### What this task involves
Copy out exactly the stretch of the listing below that begins at the line containing "Упражнение 2 Ответ: 2" and ends at the line containing "- CORNER BALL", and copy nothing outside it.

### Exercise input

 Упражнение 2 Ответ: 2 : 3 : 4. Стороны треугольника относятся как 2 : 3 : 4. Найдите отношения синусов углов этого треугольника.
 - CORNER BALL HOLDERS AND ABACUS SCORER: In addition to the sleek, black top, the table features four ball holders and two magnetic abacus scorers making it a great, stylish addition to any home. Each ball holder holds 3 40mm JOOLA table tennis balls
---
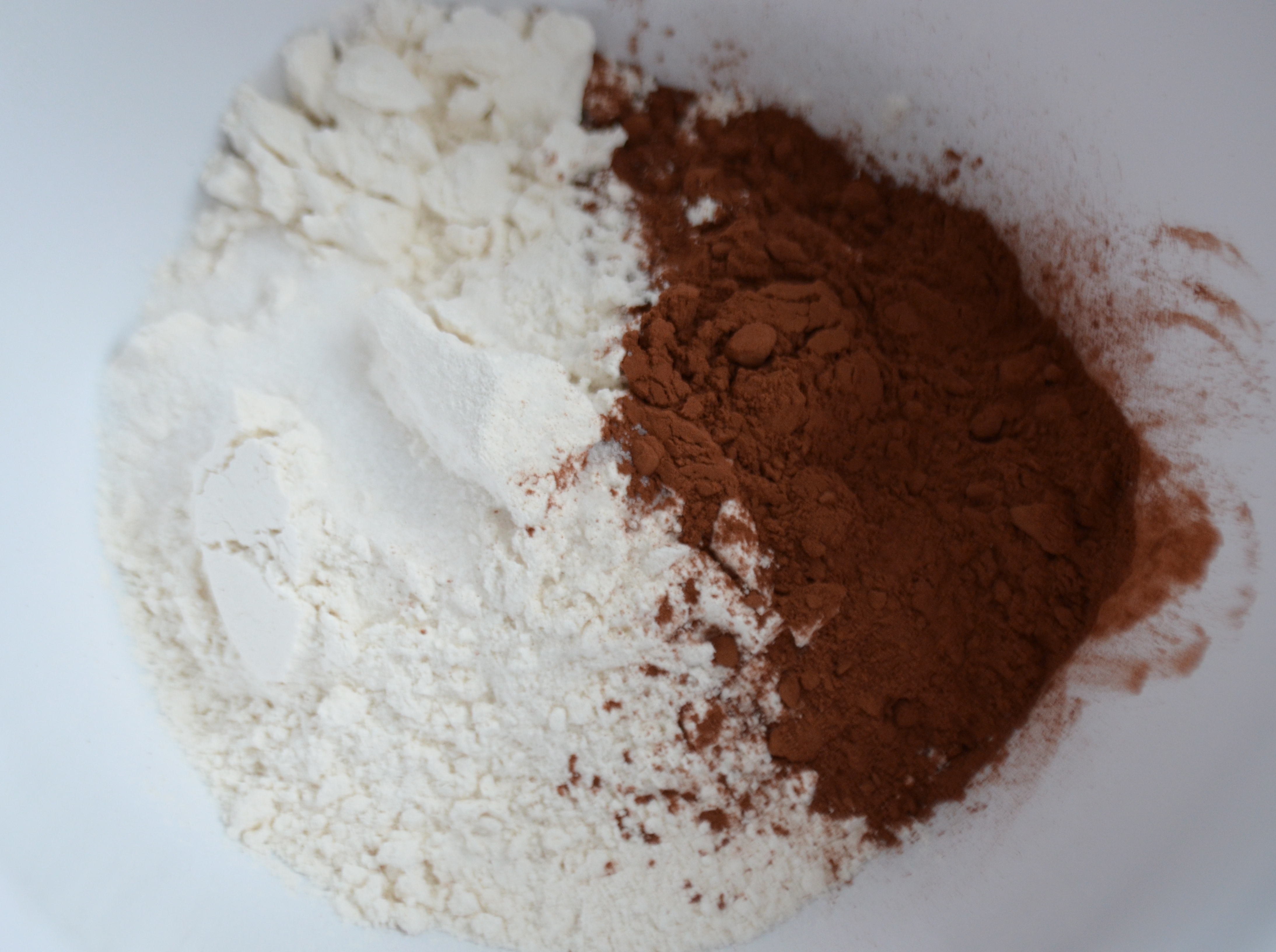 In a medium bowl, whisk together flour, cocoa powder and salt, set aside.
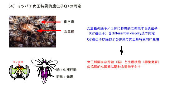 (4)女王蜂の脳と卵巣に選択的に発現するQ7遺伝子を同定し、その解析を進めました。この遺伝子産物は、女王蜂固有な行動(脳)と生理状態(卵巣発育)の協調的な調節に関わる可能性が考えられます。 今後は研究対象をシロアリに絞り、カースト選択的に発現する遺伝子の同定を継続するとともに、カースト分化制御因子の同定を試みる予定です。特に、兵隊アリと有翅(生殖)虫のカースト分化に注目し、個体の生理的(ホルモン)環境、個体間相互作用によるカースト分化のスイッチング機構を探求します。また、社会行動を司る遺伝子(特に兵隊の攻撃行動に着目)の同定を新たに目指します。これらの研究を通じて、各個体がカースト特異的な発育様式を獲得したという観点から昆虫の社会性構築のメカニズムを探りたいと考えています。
* * *
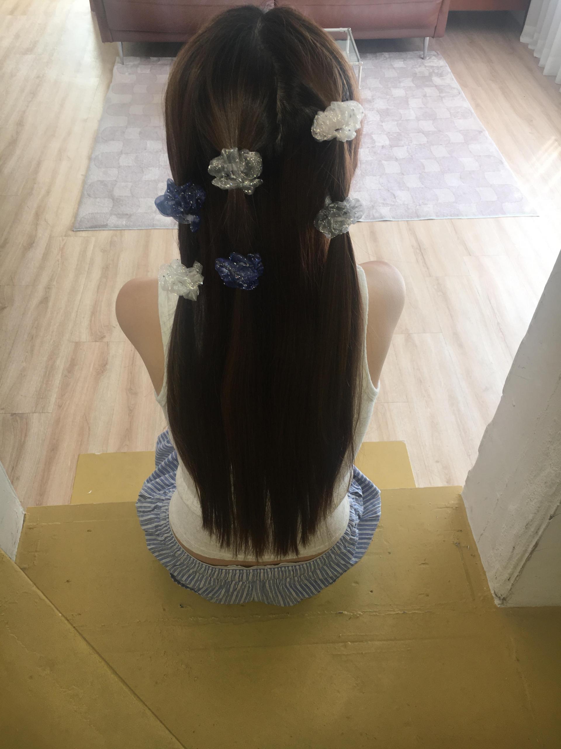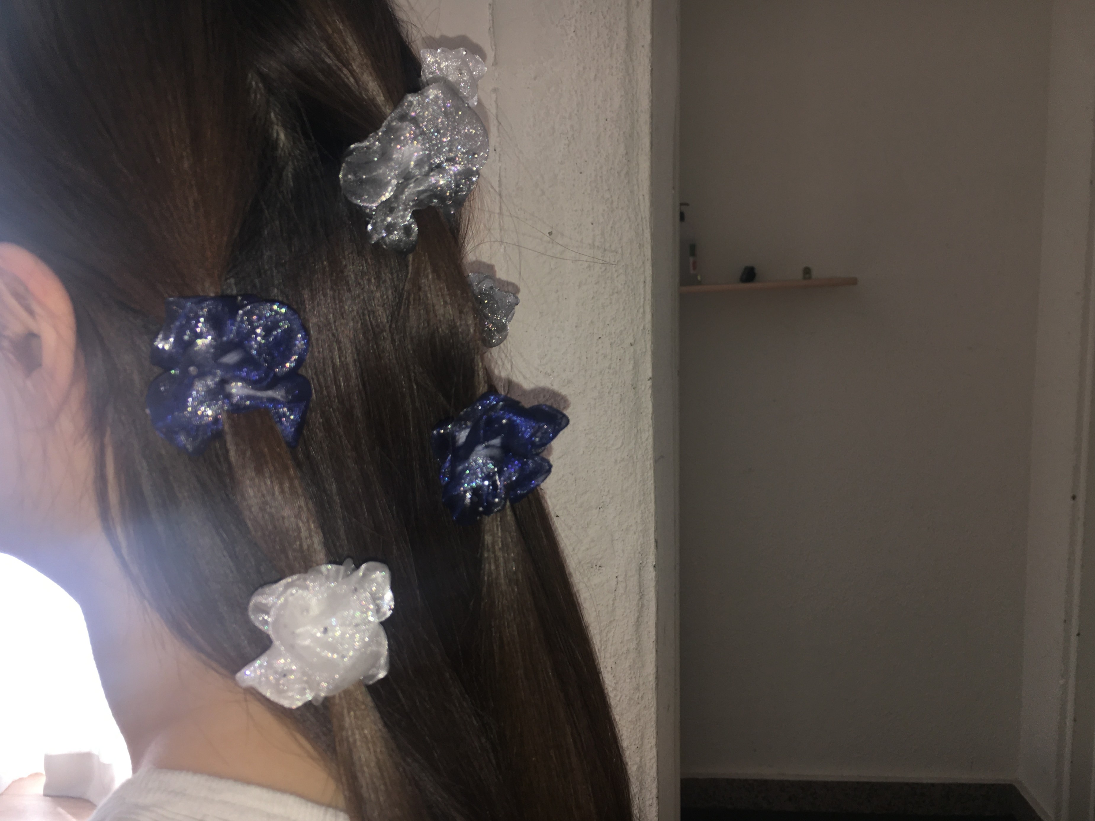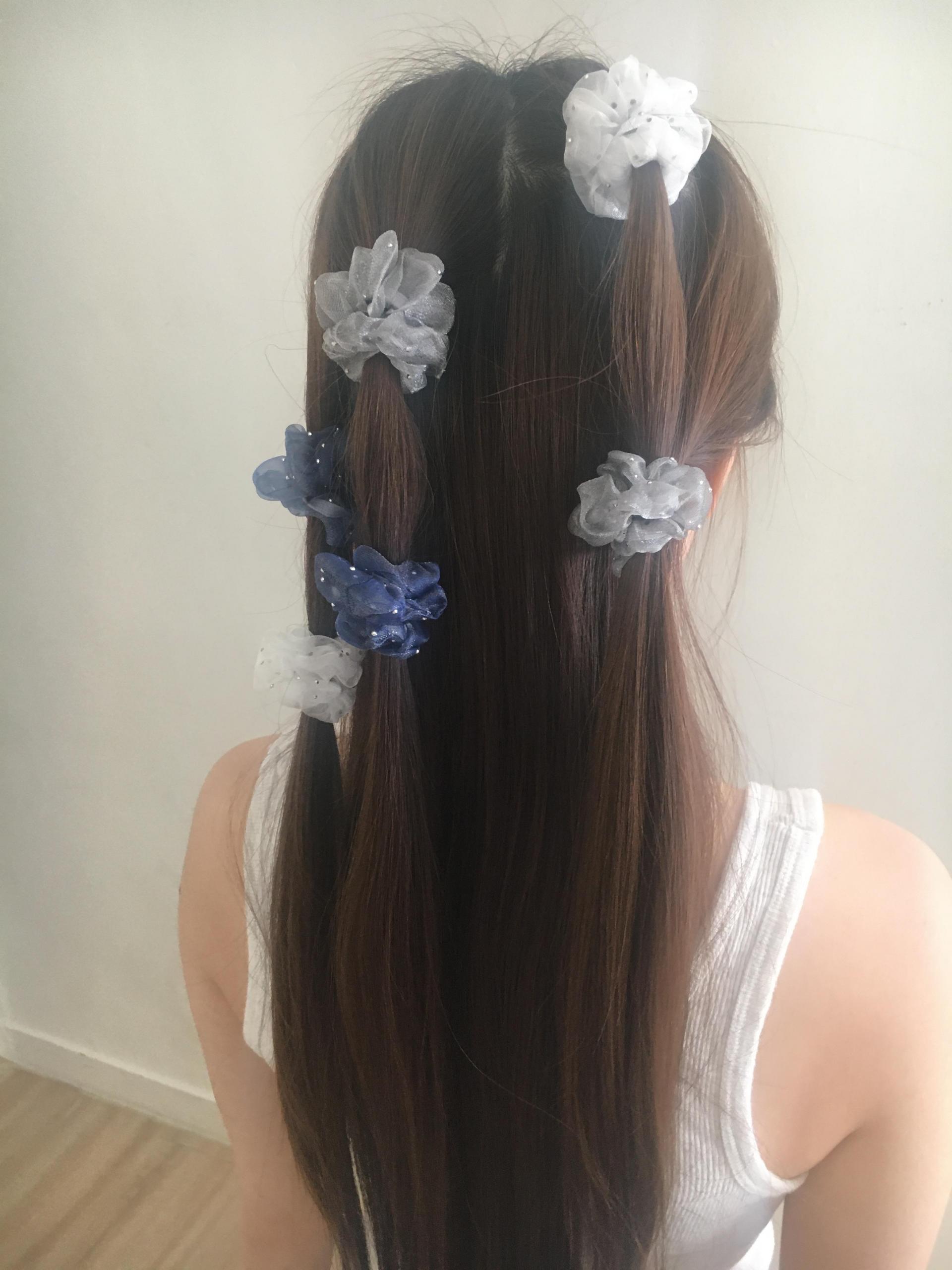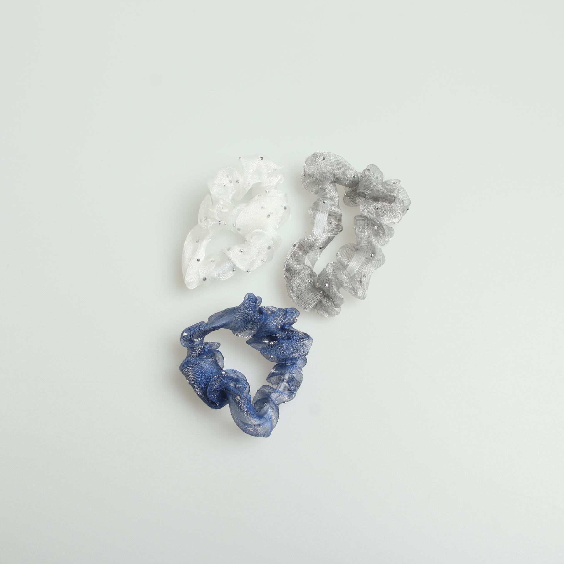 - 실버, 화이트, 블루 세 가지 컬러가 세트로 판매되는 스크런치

### Task output
 Упражнение 2 Ответ: 2 : 3 : 4. Стороны треугольника относятся как 2 : 3 : 4. Найдите отношения синусов углов этого треугольника.
 - CORNER BALL HOLDERS AND ABACUS SCORER: In addition to the sleek, black top, the table features four ball holders and two magnetic abacus scorers making it a great, stylish addition to any home. Each ball holder holds 3 40mm JOOLA table tennis balls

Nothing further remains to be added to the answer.